[[ LISTED ENTRIES, beginning ]]

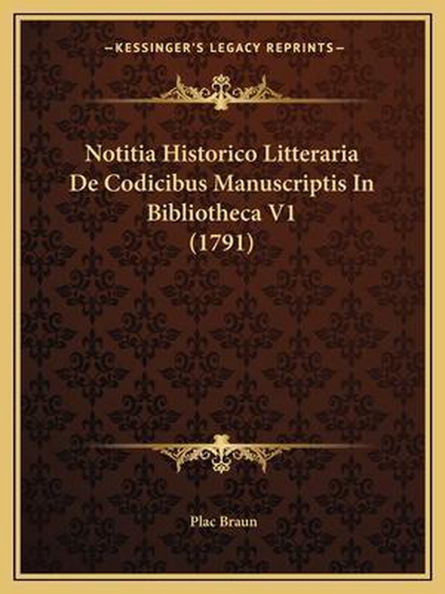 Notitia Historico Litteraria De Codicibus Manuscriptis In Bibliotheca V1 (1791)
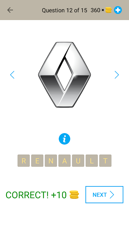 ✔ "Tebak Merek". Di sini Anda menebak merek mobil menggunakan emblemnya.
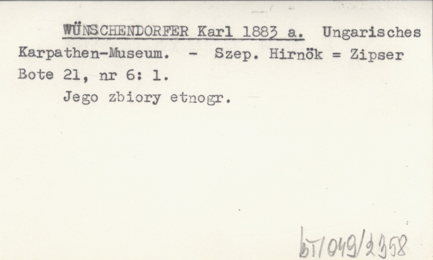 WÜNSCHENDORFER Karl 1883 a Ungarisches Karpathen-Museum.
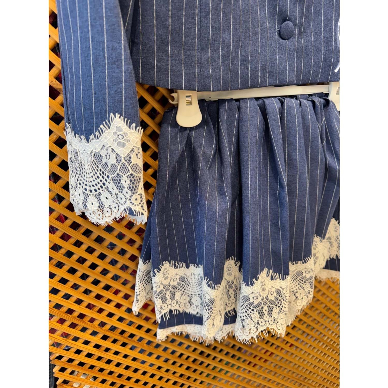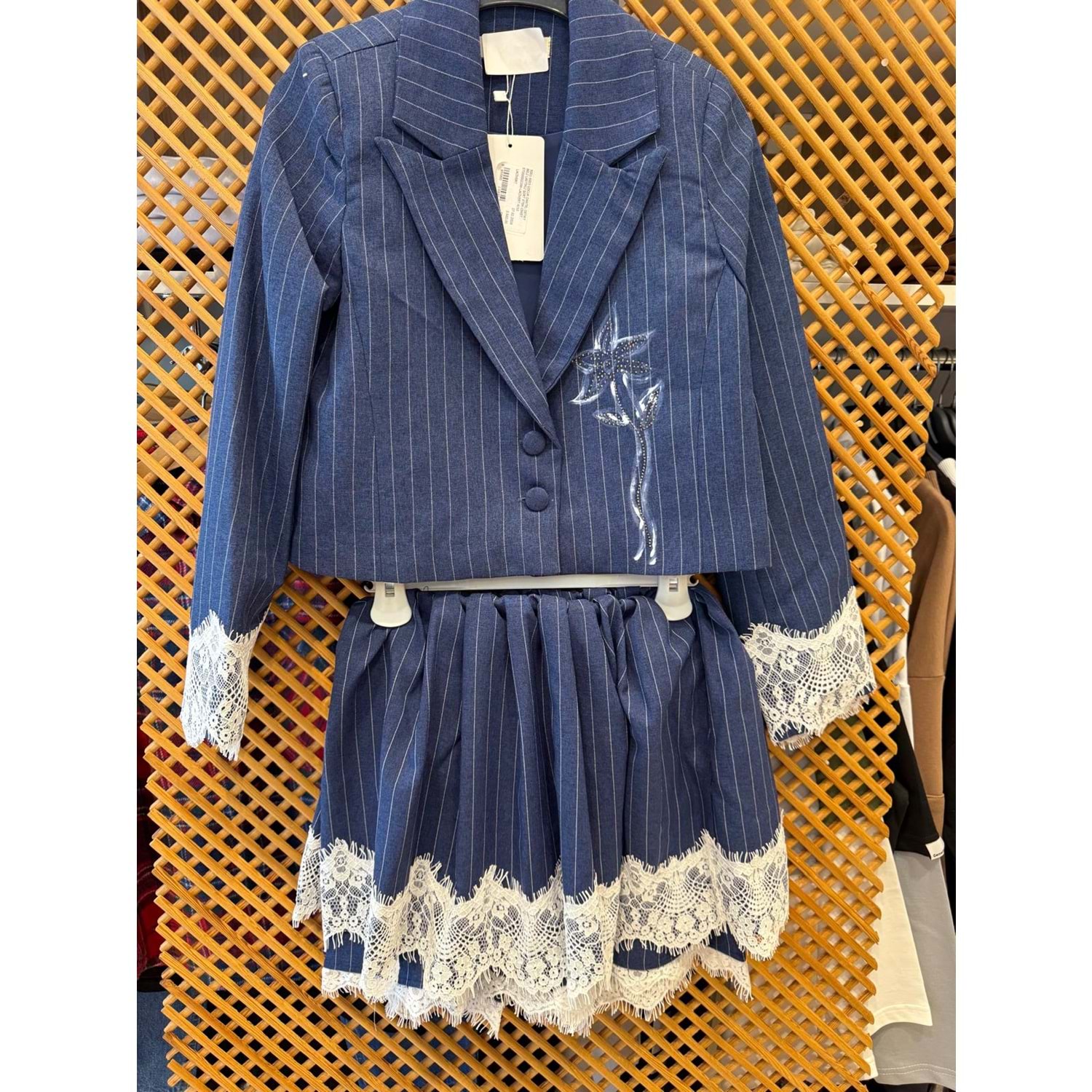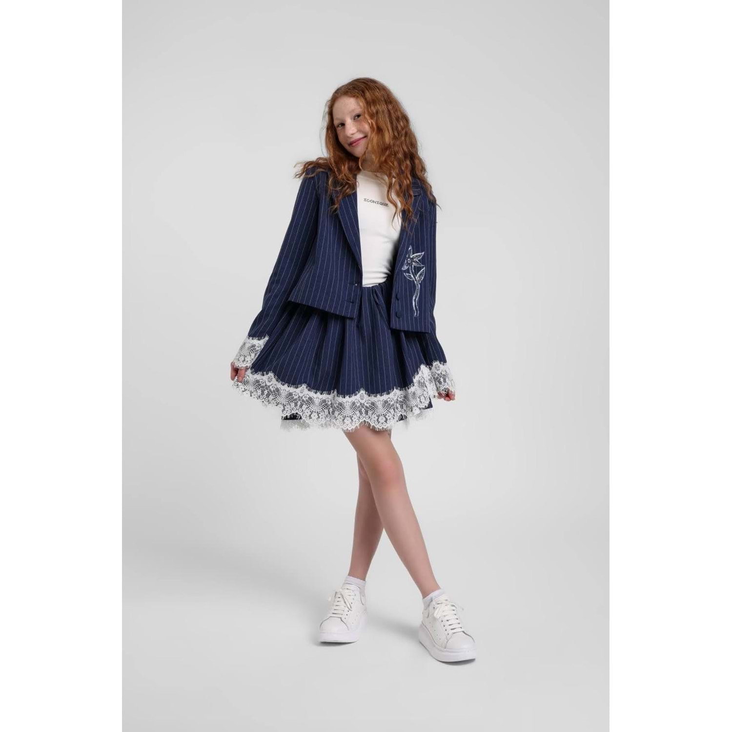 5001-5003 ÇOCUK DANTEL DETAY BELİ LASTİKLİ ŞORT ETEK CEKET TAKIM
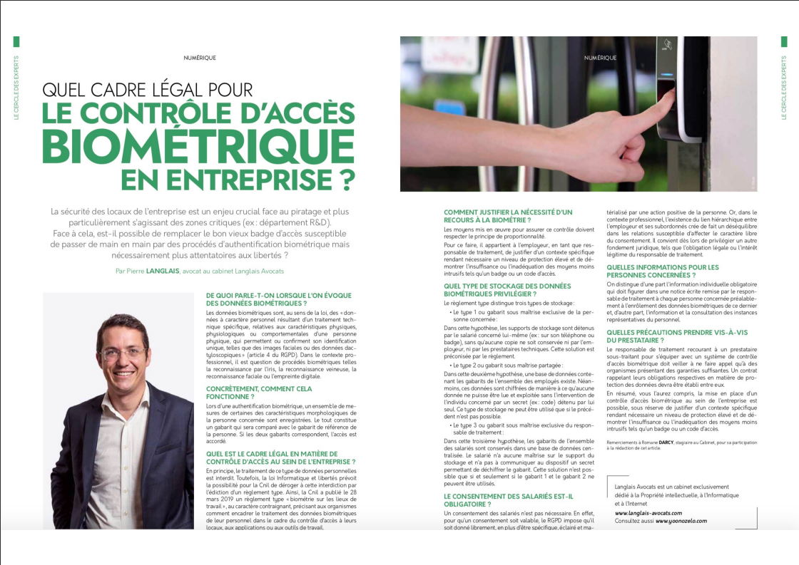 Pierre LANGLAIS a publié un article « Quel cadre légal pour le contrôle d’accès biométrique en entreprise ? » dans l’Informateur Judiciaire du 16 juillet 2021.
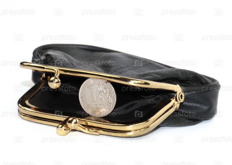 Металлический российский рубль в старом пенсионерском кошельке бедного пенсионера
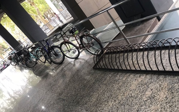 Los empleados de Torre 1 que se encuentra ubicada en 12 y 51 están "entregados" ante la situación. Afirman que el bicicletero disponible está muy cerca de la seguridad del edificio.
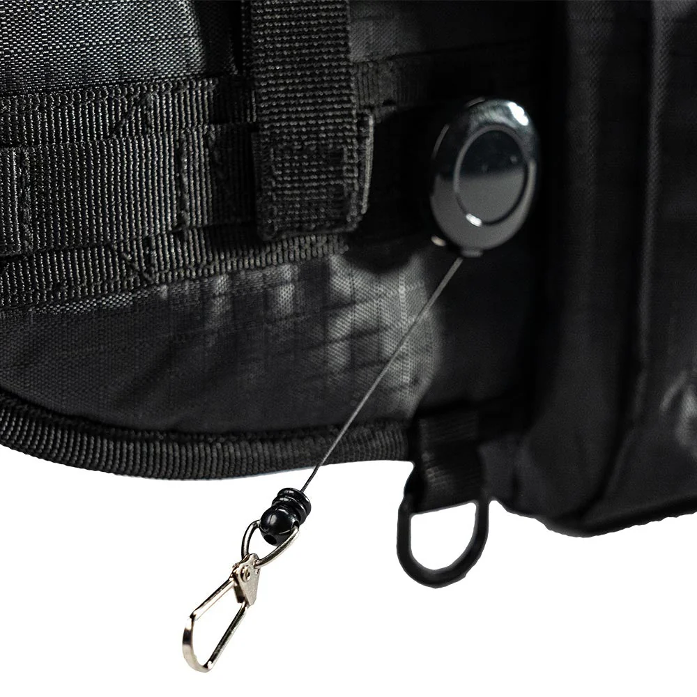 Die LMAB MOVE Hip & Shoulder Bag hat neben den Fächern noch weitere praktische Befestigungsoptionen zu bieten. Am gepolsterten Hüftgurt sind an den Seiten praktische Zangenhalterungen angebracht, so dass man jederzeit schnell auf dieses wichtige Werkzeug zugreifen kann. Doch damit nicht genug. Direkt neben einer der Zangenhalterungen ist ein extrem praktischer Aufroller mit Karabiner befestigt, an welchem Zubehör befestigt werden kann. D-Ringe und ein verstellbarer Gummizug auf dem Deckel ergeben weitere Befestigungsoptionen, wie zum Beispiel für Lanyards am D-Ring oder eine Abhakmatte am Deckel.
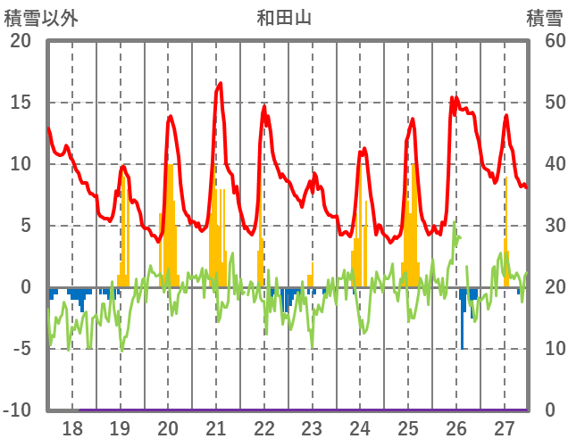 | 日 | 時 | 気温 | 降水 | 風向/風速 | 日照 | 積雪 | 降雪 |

[[ LISTED ENTRIES, end ]]

■ EXERCISE AIM
Extract, word for word, every line from the one holding "WÜNSCHENDORFER Karl 1883" through the closing line of the data above. Do not include any pictures.

■ ANSWER TO THIS PROBLEM
 WÜNSCHENDORFER Karl 1883 a Ungarisches Karpathen-Museum.
 5001-5003 ÇOCUK DANTEL DETAY BELİ LASTİKLİ ŞORT ETEK CEKET TAKIM
 Pierre LANGLAIS a publié un article « Quel cadre légal pour le contrôle d’accès biométrique en entreprise ? » dans l’Informateur Judiciaire du 16 juillet 2021.
 Металлический российский рубль в старом пенсионерском кошельке бедного пенсионера
 Los empleados de Torre 1 que se encuentra ubicada en 12 y 51 están "entregados" ante la situación. Afirman que el bicicletero disponible está muy cerca de la seguridad del edificio.
 Die LMAB MOVE Hip & Shoulder Bag hat neben den Fächern noch weitere praktische Befestigungsoptionen zu bieten. Am gepolsterten Hüftgurt sind an den Seiten praktische Zangenhalterungen angebracht, so dass man jederzeit schnell auf dieses wichtige Werkzeug zugreifen kann. Doch damit nicht genug. Direkt neben einer der Zangenhalterungen ist ein extrem praktischer Aufroller mit Karabiner befestigt, an welchem Zubehör befestigt werden kann. D-Ringe und ein verstellbarer Gummizug auf dem Deckel ergeben weitere Befestigungsoptionen, wie zum Beispiel für Lanyards am D-Ring oder eine Abhakmatte am Deckel.
 | 日 | 時 | 気温 | 降水 | 風向/風速 | 日照 | 積雪 | 降雪 |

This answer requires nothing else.